>>>
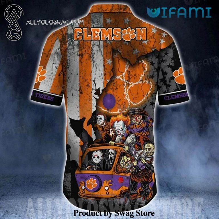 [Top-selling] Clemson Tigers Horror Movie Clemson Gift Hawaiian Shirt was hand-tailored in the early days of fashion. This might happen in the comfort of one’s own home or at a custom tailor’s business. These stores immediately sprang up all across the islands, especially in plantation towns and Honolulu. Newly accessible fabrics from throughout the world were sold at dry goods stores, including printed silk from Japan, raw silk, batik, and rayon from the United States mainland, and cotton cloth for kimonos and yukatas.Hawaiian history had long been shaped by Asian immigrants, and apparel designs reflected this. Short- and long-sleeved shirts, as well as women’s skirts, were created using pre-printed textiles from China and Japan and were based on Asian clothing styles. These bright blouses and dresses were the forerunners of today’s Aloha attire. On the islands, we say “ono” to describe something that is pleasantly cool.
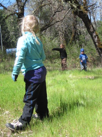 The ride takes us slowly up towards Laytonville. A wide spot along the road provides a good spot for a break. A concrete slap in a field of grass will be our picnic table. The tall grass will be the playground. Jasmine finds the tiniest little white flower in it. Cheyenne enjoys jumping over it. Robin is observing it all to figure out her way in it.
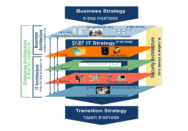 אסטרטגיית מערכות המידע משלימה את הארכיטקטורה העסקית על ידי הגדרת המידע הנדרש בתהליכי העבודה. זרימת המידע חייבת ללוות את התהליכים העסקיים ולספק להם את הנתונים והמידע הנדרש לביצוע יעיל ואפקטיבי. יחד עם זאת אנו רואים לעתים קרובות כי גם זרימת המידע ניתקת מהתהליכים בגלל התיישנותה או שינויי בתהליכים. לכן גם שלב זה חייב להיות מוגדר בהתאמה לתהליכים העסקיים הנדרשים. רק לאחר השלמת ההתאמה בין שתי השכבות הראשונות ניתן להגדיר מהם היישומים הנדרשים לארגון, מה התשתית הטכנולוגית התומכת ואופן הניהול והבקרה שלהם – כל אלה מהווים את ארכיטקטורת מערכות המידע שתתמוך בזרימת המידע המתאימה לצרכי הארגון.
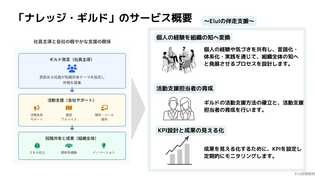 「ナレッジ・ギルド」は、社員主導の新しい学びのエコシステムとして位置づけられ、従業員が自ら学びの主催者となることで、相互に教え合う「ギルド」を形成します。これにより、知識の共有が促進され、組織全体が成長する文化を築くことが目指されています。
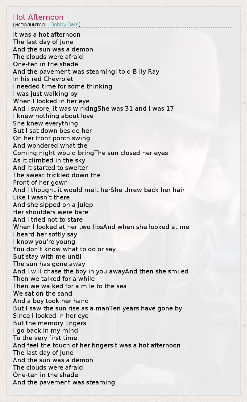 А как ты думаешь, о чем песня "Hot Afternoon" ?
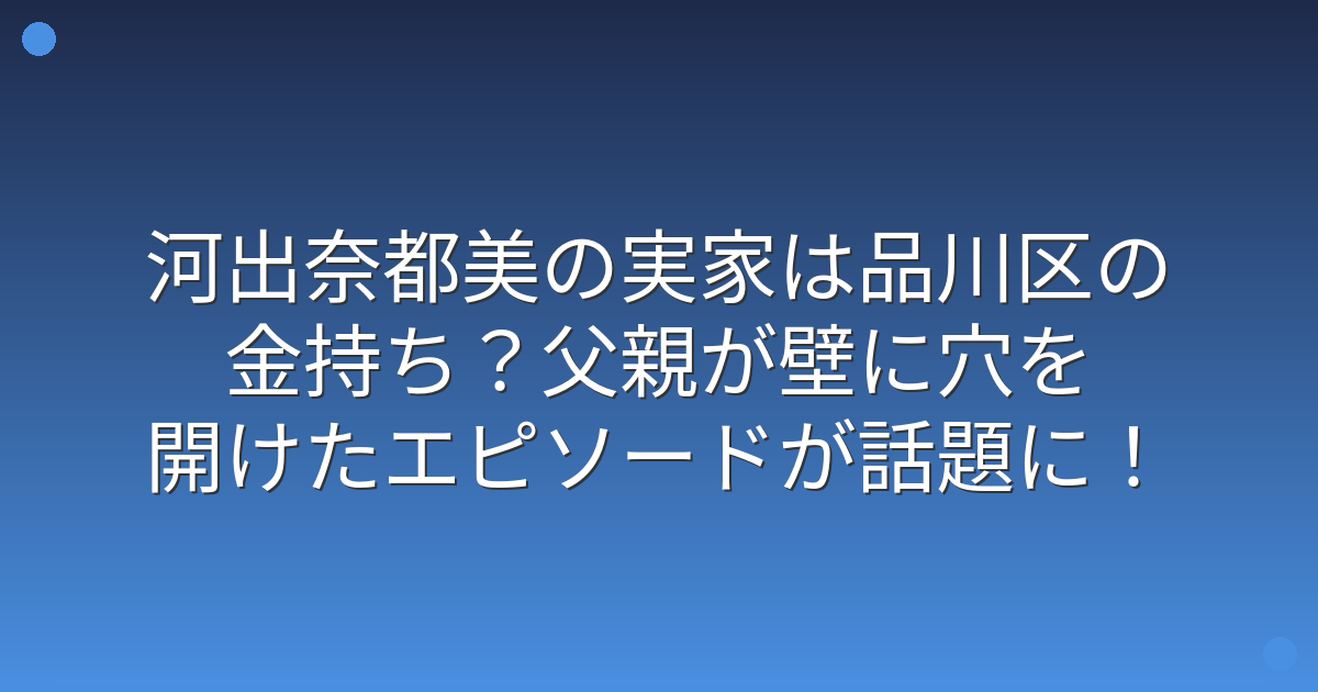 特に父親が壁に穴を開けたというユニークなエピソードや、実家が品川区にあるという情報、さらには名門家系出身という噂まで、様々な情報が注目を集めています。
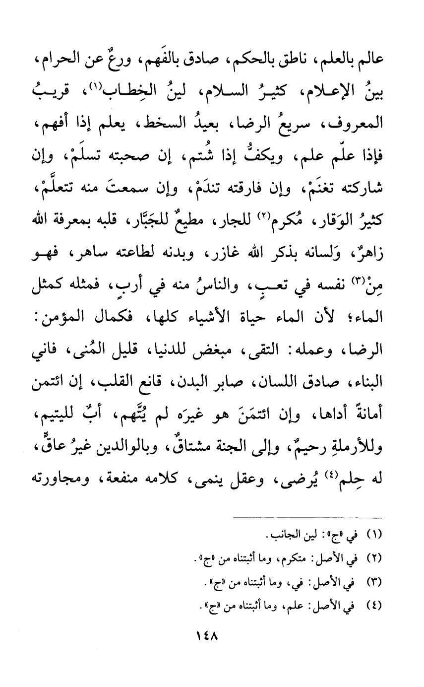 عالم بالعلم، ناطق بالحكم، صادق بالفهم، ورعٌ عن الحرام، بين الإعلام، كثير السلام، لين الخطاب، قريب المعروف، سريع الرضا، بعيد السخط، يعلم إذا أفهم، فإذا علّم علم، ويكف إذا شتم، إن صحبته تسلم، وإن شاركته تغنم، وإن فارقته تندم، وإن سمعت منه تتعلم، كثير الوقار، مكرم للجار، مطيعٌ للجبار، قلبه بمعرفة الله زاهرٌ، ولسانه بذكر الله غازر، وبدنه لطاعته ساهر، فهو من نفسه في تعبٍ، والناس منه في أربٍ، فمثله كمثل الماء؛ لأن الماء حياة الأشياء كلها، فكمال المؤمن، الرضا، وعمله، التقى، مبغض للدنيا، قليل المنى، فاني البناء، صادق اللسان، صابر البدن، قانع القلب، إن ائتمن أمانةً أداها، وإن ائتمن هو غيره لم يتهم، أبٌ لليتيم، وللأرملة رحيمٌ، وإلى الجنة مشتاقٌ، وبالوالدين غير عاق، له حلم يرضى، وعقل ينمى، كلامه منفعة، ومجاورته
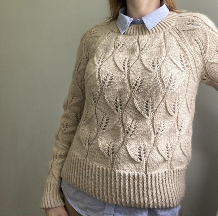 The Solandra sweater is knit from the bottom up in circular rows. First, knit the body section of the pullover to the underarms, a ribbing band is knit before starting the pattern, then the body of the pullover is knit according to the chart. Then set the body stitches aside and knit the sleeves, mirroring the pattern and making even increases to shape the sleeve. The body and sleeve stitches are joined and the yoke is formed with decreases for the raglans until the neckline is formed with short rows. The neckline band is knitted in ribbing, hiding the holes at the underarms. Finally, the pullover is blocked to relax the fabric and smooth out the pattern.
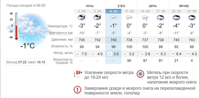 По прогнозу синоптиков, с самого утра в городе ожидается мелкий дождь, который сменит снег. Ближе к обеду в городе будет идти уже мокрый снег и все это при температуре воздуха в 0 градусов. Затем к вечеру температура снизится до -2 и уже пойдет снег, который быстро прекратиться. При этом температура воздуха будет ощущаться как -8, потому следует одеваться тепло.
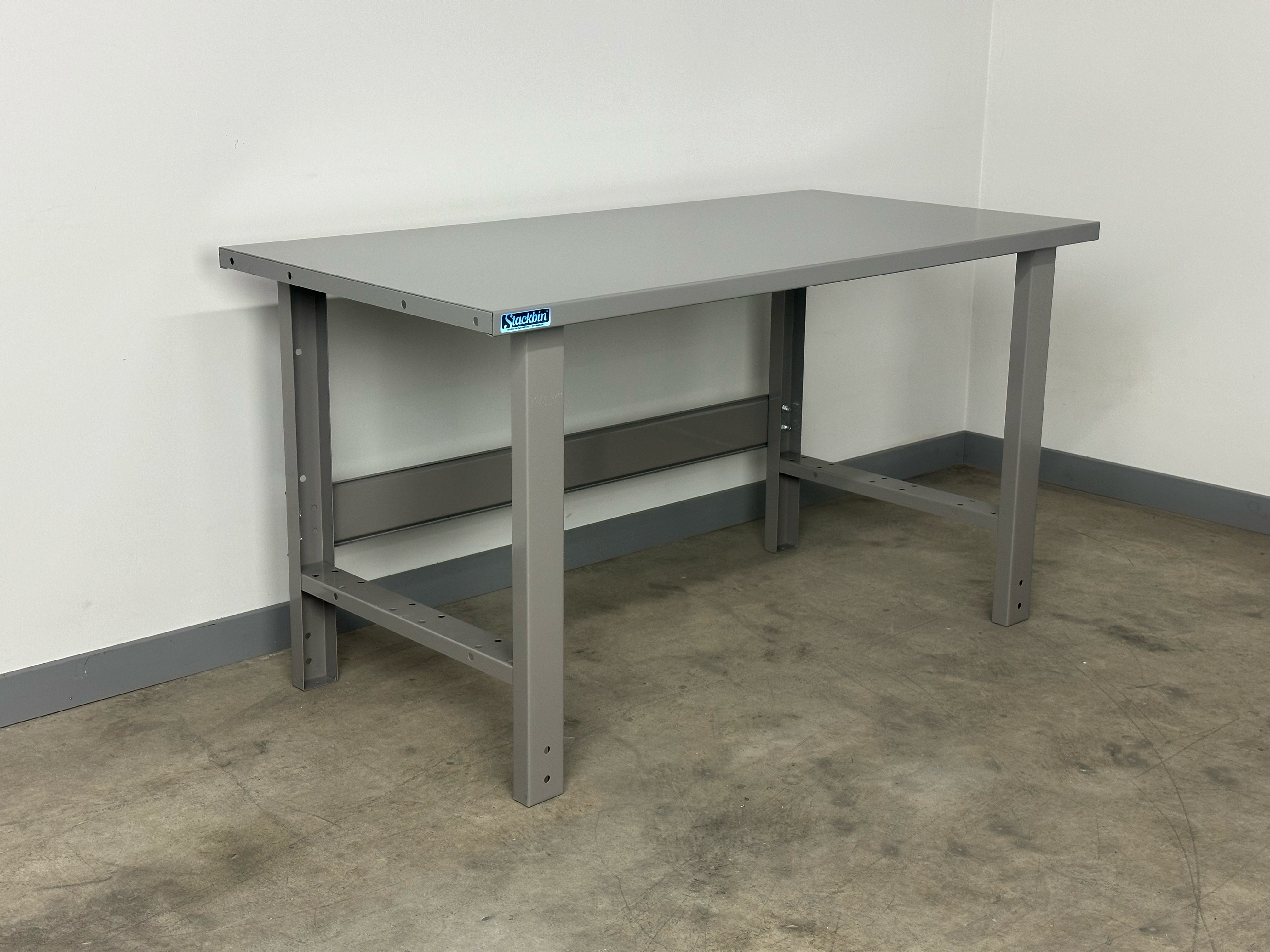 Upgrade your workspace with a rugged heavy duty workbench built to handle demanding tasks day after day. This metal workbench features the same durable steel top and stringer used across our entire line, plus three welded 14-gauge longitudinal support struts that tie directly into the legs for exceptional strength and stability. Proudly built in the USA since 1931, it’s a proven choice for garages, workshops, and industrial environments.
<<<
>>>
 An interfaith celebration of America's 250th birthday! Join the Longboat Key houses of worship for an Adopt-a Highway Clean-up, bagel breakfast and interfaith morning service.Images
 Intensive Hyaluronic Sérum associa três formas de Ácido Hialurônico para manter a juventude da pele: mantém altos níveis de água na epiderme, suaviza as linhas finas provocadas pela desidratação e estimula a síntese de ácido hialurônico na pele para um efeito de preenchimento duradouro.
<<<
>>>
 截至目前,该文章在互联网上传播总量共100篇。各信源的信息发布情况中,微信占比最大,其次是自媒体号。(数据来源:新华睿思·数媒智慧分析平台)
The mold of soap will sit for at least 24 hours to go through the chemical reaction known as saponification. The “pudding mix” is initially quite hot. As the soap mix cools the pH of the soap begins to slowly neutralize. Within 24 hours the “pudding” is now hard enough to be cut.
<<<
EXERCISE - Take the listing above and repeat exactly the lines from the one containing "An interfaith celebration" through the one containing "Intensive Hyaluronic Sérum", both included.

THE ANSWER -
 An interfaith celebration of America's 250th birthday! Join the Longboat Key houses of worship for an Adopt-a Highway Clean-up, bagel breakfast and interfaith morning service.Images
 Intensive Hyaluronic Sérum associa três formas de Ácido Hialurônico para manter a juventude da pele: mantém altos níveis de água na epiderme, suaviza as linhas finas provocadas pela desidratação e estimula a síntese de ácido hialurônico na pele para um efeito de preenchimento duradouro.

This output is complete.